Мудрое решение вопроса
Затеялись хлопоты о командировке моей в ФРГ. И когда уже была получена виза и паспорт в кармане и куплен билет, от Винклера получилось письмо: «Прошу привезти мне в обмен русские книги. Это обязательное условие».
Тут следовал список – не такой, конечно, обширный, как тот, что передал нам мистер Болан, но тоже надежд не внушающий… В нем значились русские летописи, научные труды по истории, археологии, по искусству… И, как нарочно, всё редкие. Даже и те, что вышли в советское время. А уж где достать книгу «Инок Зиновий. Истины показание к вопросившему о новом учении», напечатанную в Казани в 1863 году да еще в малом количестве, – этого мне не могли сказать даже самые крупные книговеды.
Я устремился в Министерство культуры с просьбой выделить книги из дублетных фондов крупнейших библиотек. С резолюцией «Выделить» побежал в Историческую библиотеку…
Нету!
В Ленинскую, к директору Кондакову Ивану Петровичу.
– Нету. Мы изготовим микрофильмы для вас. Но из книжных фондов послать в подарок не можем…
Но ведь микрофильмы мне не помогут! Это же все равно, что менять фото для паспорта на живописный портрет Сарьяна!
Какой же это обмен? Неравноценно!
Кондаков понимает это лучше меня. И все же договорились на том, что повезу микрофильмы.

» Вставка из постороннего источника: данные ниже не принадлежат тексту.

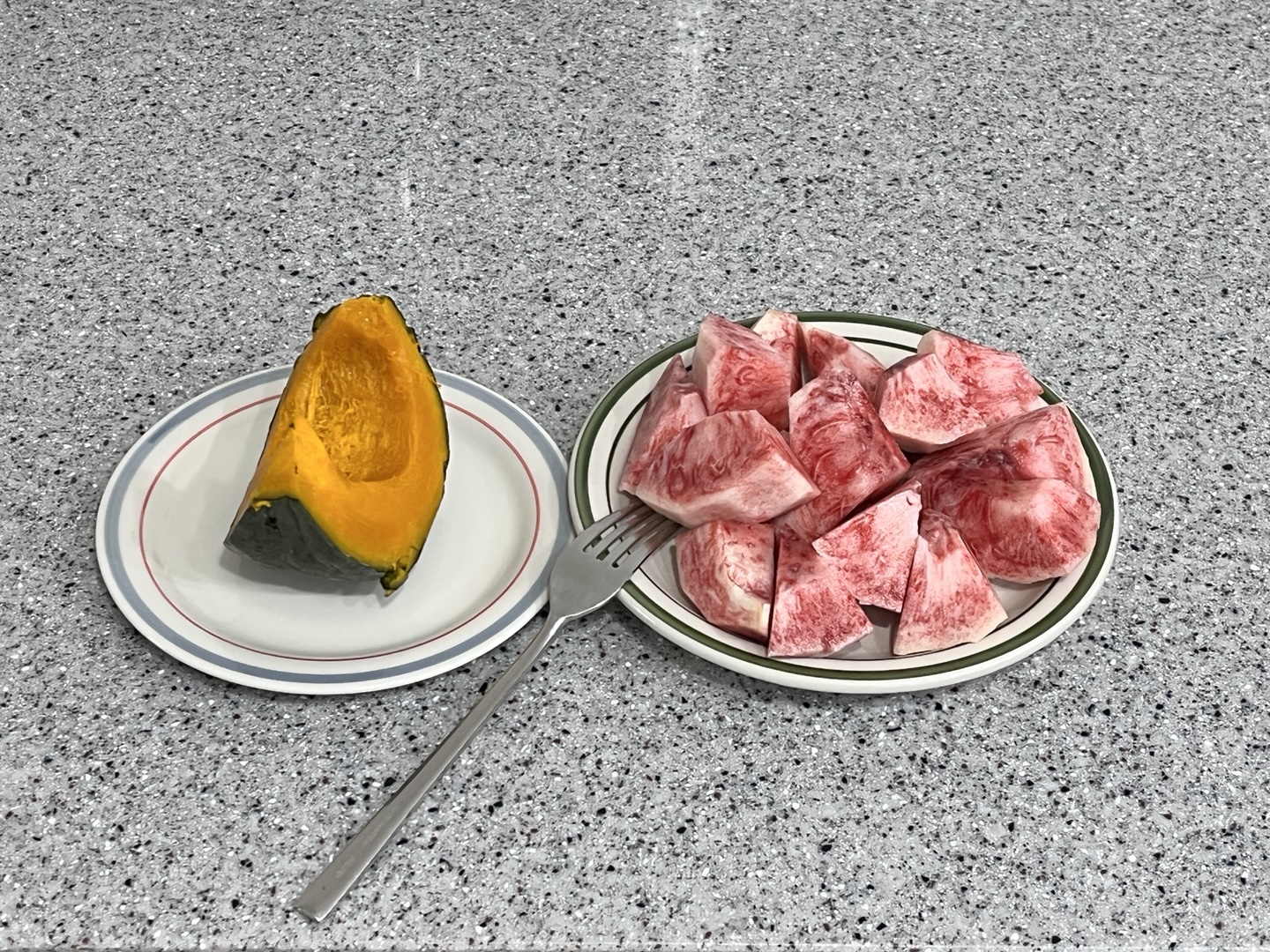 단호박을 한 소꿉 쪄서 냉장고에 넣어두고 아침마다 꺼내서 살짝 데워서 과일 몇 가지 씻어 같이 먹었었다. 나름 배도 든든하고 좋다.

Прихожу в назначенный день.
– Не приготовили.
– Как же так?
– А директор Иван Петрович поручил выяснить, по скольку экземпляров книг, нужных профессору Винклеру, стоит на полках библиотеки.
Оказалось, что по три.
А сколько их выдавалось на руки?
Выдавались только первые экземпляры.
Тогда И.П. Кондаков собрал ученый совет и решили: третьи экземпляры всех этих книг списать и отправить профессору Винклеру, с тем чтобы автографы Лермонтова, которые будут доставлены из Федеративной Германии в Советский Союз, поступили в Ленинскую библиотеку.
Это, я понимаю, решение!
Вот почему я улетал с Шереметьевского аэродрома, имея с собой на борту сто тридцать килограммов редчайших книг. Летел я до Амстердама. А там должен был совершить пересадку и уже другим самолетом следовать до Кёльна, или, как говорится, «нах Кёльн аб».

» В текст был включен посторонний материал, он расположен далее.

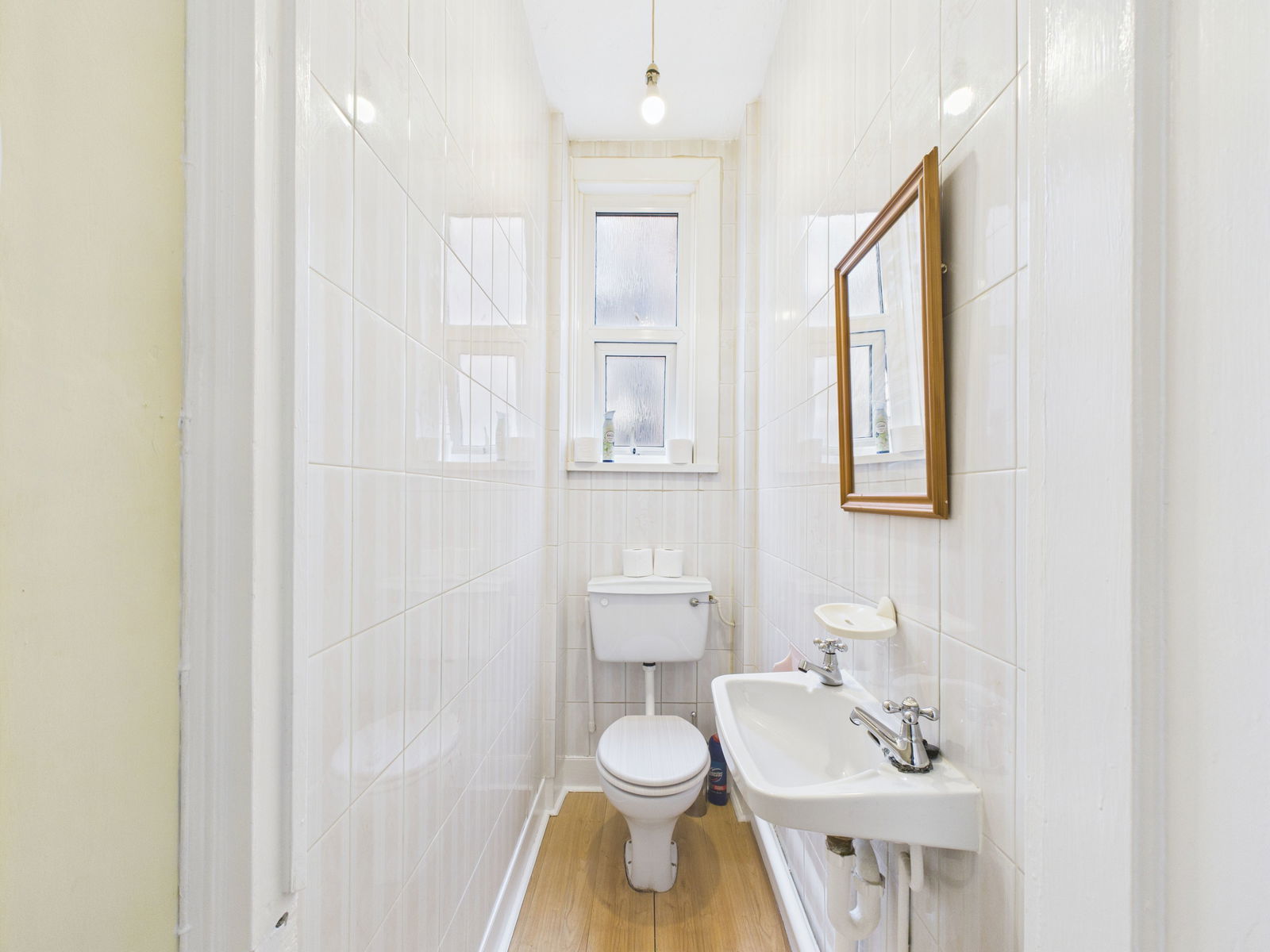 CLOAKROOM A convenient downstairs cloakroom comprising a low level flush WC, wall mounted wash hand basin, tiled walls and a uPVC obscure double glazed window.
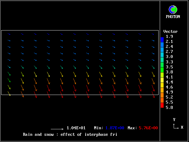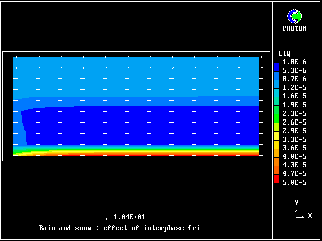 PLANT is used to introduce patchwise discontinuity in interphase friction distribution: the particulate phase fragments in the bottom part of the domain are much less influenced by air, than the ones of the upper part. The inspection of PHOTON pictures show what happened near the ground: the gravitational sedimentation is increased and the air becomes purer.
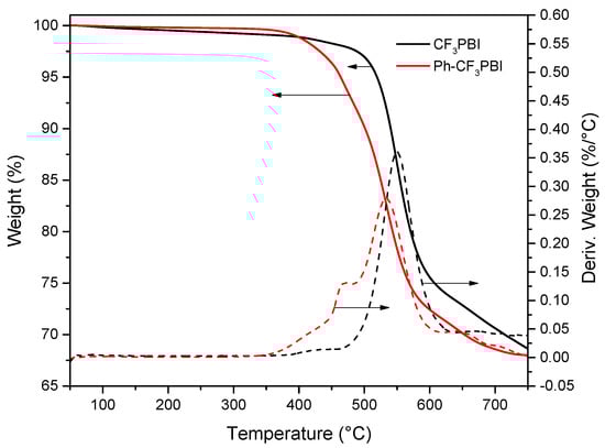 The TGA tests were performed in order to evaluate thermal stability of the newly obtained Ph-CF3PBI. Its TGA thermogram is shown in Figure 9 together with the CF3PBI thermogram. Although the Ph-CF3PBI demonstrated a high thermostability where the decomposition started above 400 °C, it was less thermostable than the CF3PBI, where the main weight loss began above 500 °C. At temperature of 500 °C Ph-CF3PBI already lost about 12% of the weight.

По прибытии в Кёльн был встречен секретарем Владимиром Ильичом Ивановым, доставлен в Бонн, а в Бонне – это было уже дня через два – за руль сел другой секретарь, Николай Сергеевич Кишилов, тоже весьма приятный и обходительный, и покатили мы втроем в Мюнхен по знаменитому автобану.
Эта езда стоит того, чтобы о ней рассказать.
Движение двухрядное. Встречного ты не видишь. В правом ряду машины мчатся со скоростью 100–120. Хочешь ехать быстрей – выходи в левый ряд. Сигналит тебе другая машина, сзади, требует уступить дорогу – юркни вправо, мимо тебя мелькнет что-то с быстротой самолета, и снова можешь выходить на левую сторону.
Машины идут вереницей – одна за другой. На таких скоростях сразу не остановишь. И если с одной случается что-то, то идущие сзади влетают одна в другую и бьются. Называется это «карамболяж». Поэтому, едучи по западногерманскому автобану, испытываешь странное смешение чувств: природной для всякого русского пассажира страсти к скорой езде – с предощущением смертной казни.
Наша машина принадлежала к числу тихоходных: больше ста сорока километров взять не могла. Но сто сорок держала точно. Число километров, примерно равное расстоянию Москва – Ленинград, мы одолели за четыре с половиной часа.
Исполнение желаний
Ночевали мы в Мюнхене. Утром отправились в Фельдафинг – это около сорока километров.
Небольшой городок. Парки. Лужайки. Остановились на Банхофштрассе. Двухэтажный особнячок. Квартира профессора Винклера в нижнем.